After a brief break, then, Tompa headed to the discussion at Center Stage, where she spoke with American director Barbara Lanciers on the topic of Hungary’s repressive media laws. (See their discussion here.)Unfortunately, that is an ongoing story.. But the New York Times’ Paul Krugman, among others, has been keeping abreast of recent developments. His latest, on March 15, is here.
political polarization and increasing nationalism has poisoned the dialogue on arts and national culture.

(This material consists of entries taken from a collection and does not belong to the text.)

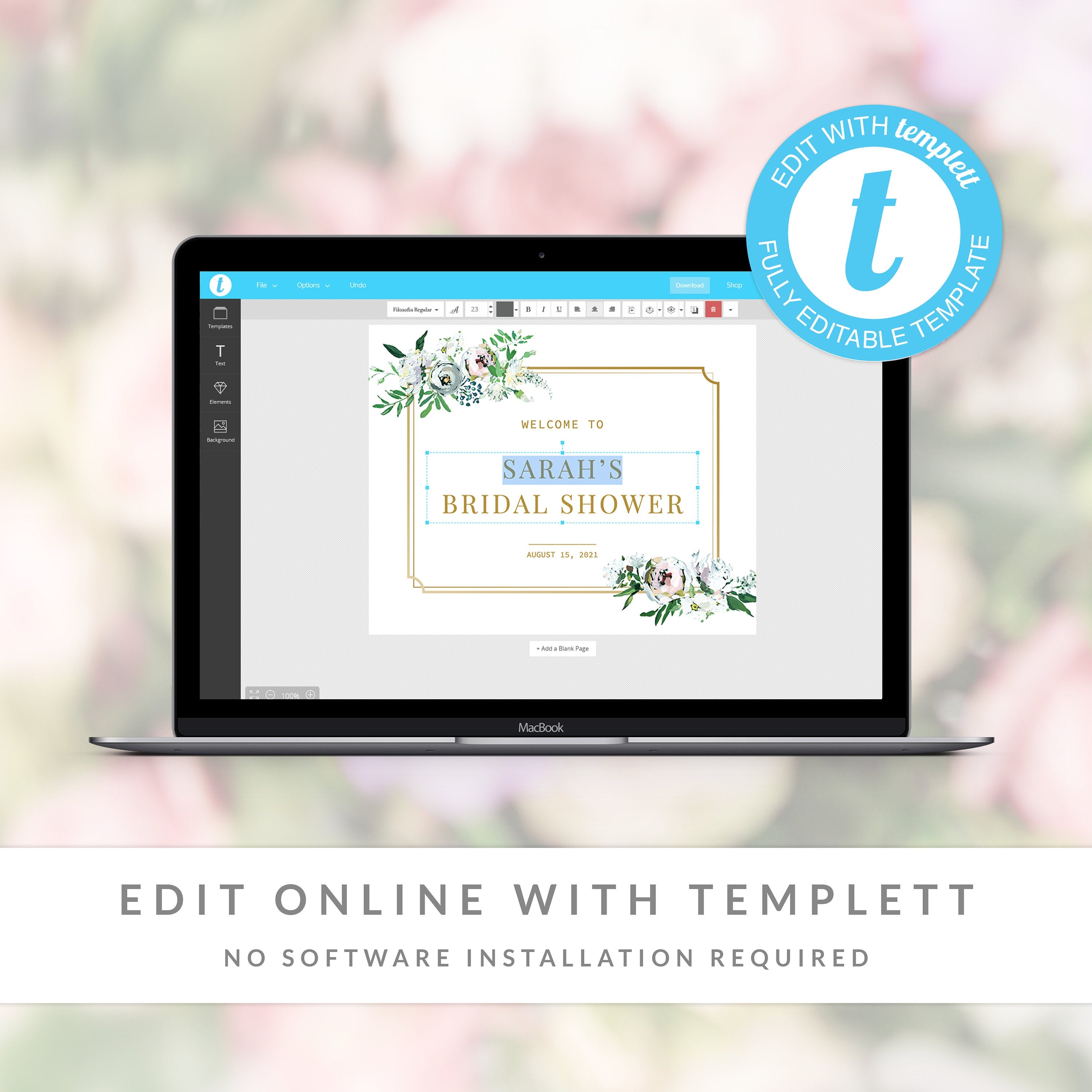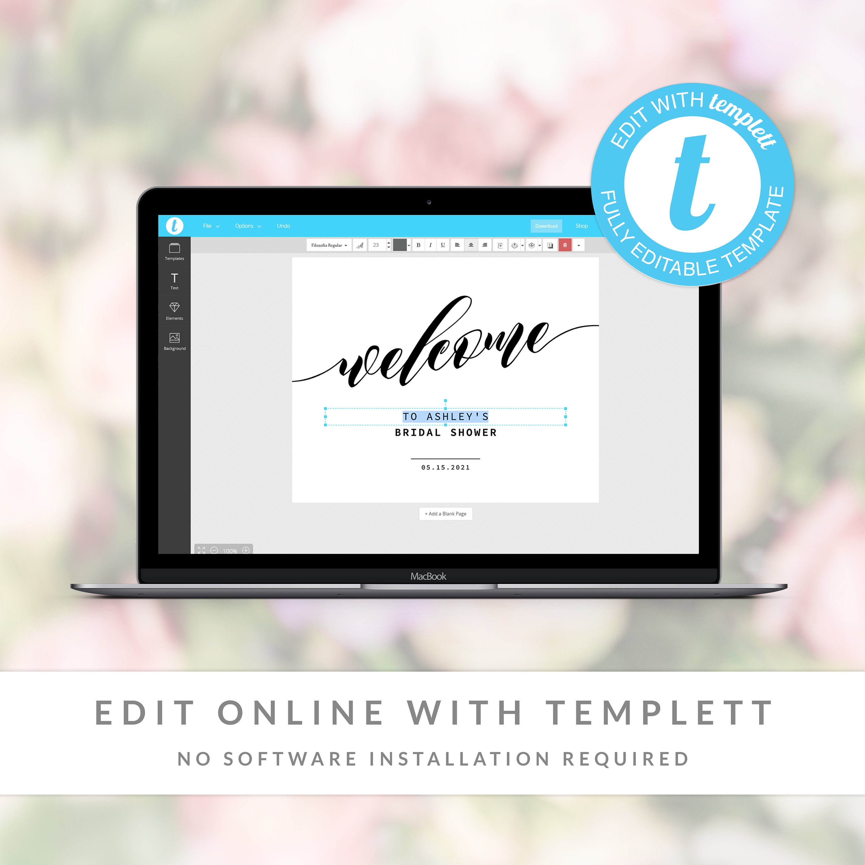 Blush Floral Greenery Bridal Shower Welcome Sign Template, Printable Large Welcome Sign, Editable INSTANT DOWNLOAD - BGF100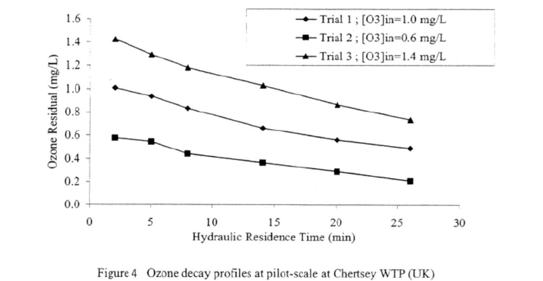 3. 分解:臭氧在室温和近室温条件下是一种不稳定的化合物,迅速分解为氧气。臭氧的分解速率主要受水温和pH值的影响。在20℃和pH值7.0时,臭氧在饮用水中的半衰期通常为24分钟。参见图4。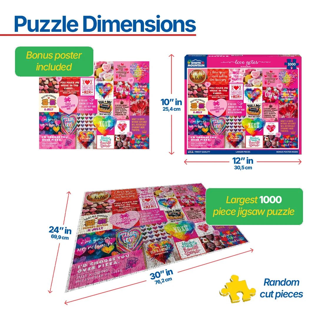 2168 Love Notes. Fall in love with this collection that celebrates every shade of sweet, silly, and totally swoon-worthy romance. Artist Doug Banks created this vibrant 1000 piece collage style jigsaw puzzle that brings together playful puns, heartfelt moments, and laugh-out-loud sarcasm designed to capture the kind of love that feels fun, real, and perfectly imperfect. Finished size 24" x 30".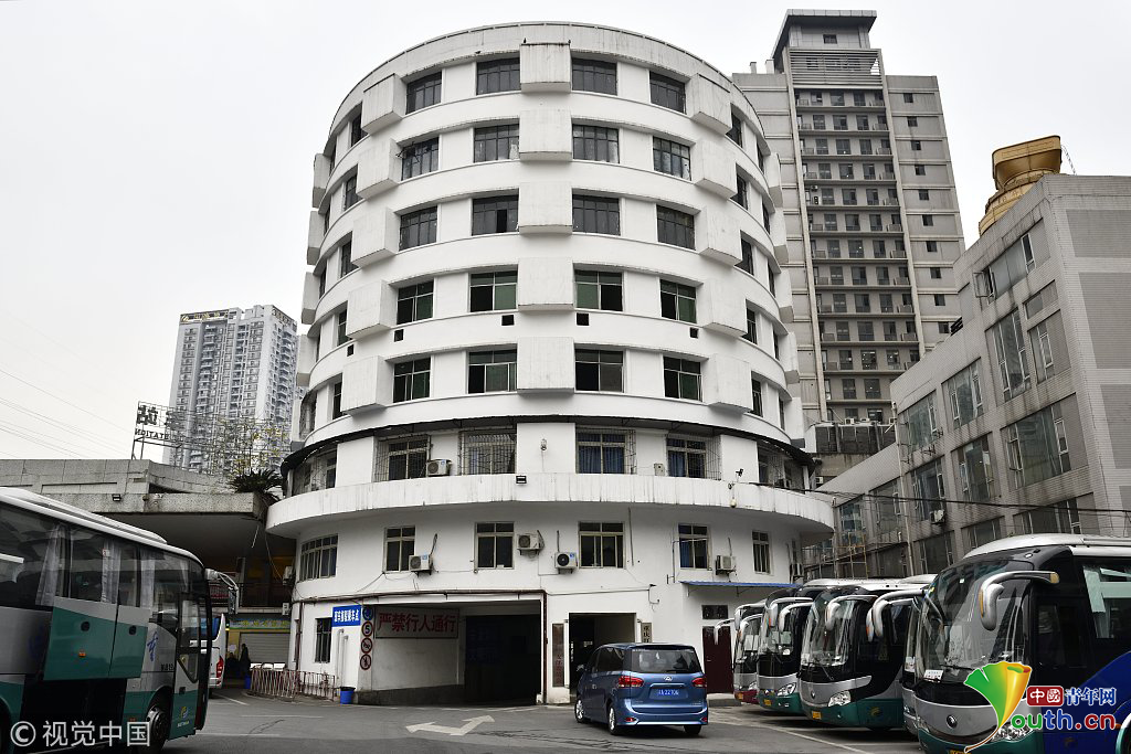 2018年12月6日,重慶江北紅旗河溝汽車站內(nèi),有一棟獨(dú)特的八層圓環(huán)狀建筑,底層每天有不少進(jìn)出站的客車通行。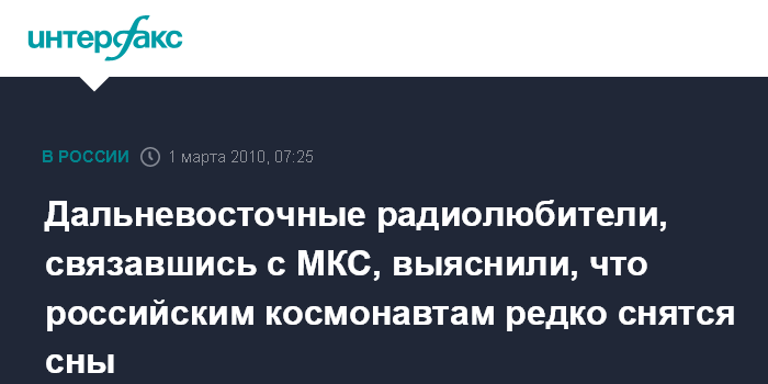 Дальневосточные радиолюбители, связавшись с МКС, выяснили, что российским космонавтам редко снятся сны

This is a shame, that there are certain (ex-communist) people who cathegorize that way the hungarian (or anybody’s) nationalizm.
A.S.
Thanks for posting this interview.
I’ve noticed that fewer and fewer theatre artists of my acquaintance read theatre criticism of any sort, and even more (and I am among these) don’t read reviews of the shows they are in, or read them only after the run of the show has concluded. Speaking for myself, the reason is that I rarely if ever see anything in a review that the artists themselves need to “hear.” The artists’ work is rarely if ever uplifted or enlarged by what is written in popular “criticism.”
And it has seemed to me that what is lacking is an awareness of exactly what Ms.Tompa emphasizes: criticism needs to be part of a conversation between theatre management, theatre artists, and audiences.
That conversation already exists between theatre management, audiences and artists before the critic arrives. The best critics – the ones who are known and cherished and remembered for having profoundly and constructively affected the way artists do art and the way audiences engage the work, are those who respect the existing conversation and arrive wanting to contribute to it, wanting to be part of it. Consciously or otherwise, explicitly or implicitly, hey come to the conversation already in progress saying “I think I have something here that might be of use to us all …” and continue from there.
American theatre “reviewers” are under pressures and constraints that I can only observe and imagine. As print journalism tightens its belt, there’s a proliferation of theatre companies, new play incubators, festivals, etc. It’s a great time to be in the audience, I think, and a great time to be a theatre artist. But it must be very, very difficult to find a way to make a living at theatre criticism, when people are so often just looking for a “consumer’s guide” with a checklist of “good, better, best” – and don’t want (or perhaps just can’t imagine) a conversation about theatre.
Even as I say that, though, I’m reminded of all the ways – often splendid ways – in which new media have provided opportunities for theatres and theatre artists to directly engage audiences. And audiences, it seems to me, in varying degrees, are welcoming the conversations when they are authentic, provocative, and engaging. Even the notorious “talk backs” after shows can be more than just a re-hashing of “topics” in the play, more than just the familiar (and quite genuine) expressions of gratitude between artists and audiences. Once the “how do you learn all those lines???” is done, real conversations about what it’s like to be alive in the presence of this or that play – on stage or in the seats, or in the office or the booth – wherever – are taking place.
Writers who seek to join the conversation with critical thinking and skills and an eagerness to contribute can add much. But too often, they believe – or perhaps need to believe in order to eat – that they must be authoritative, expert and either dismissive or validating of art. And that’s no way to join a conversation.
Wow. What a rant. Sorry. Won’t happen again. Until, like, tonight.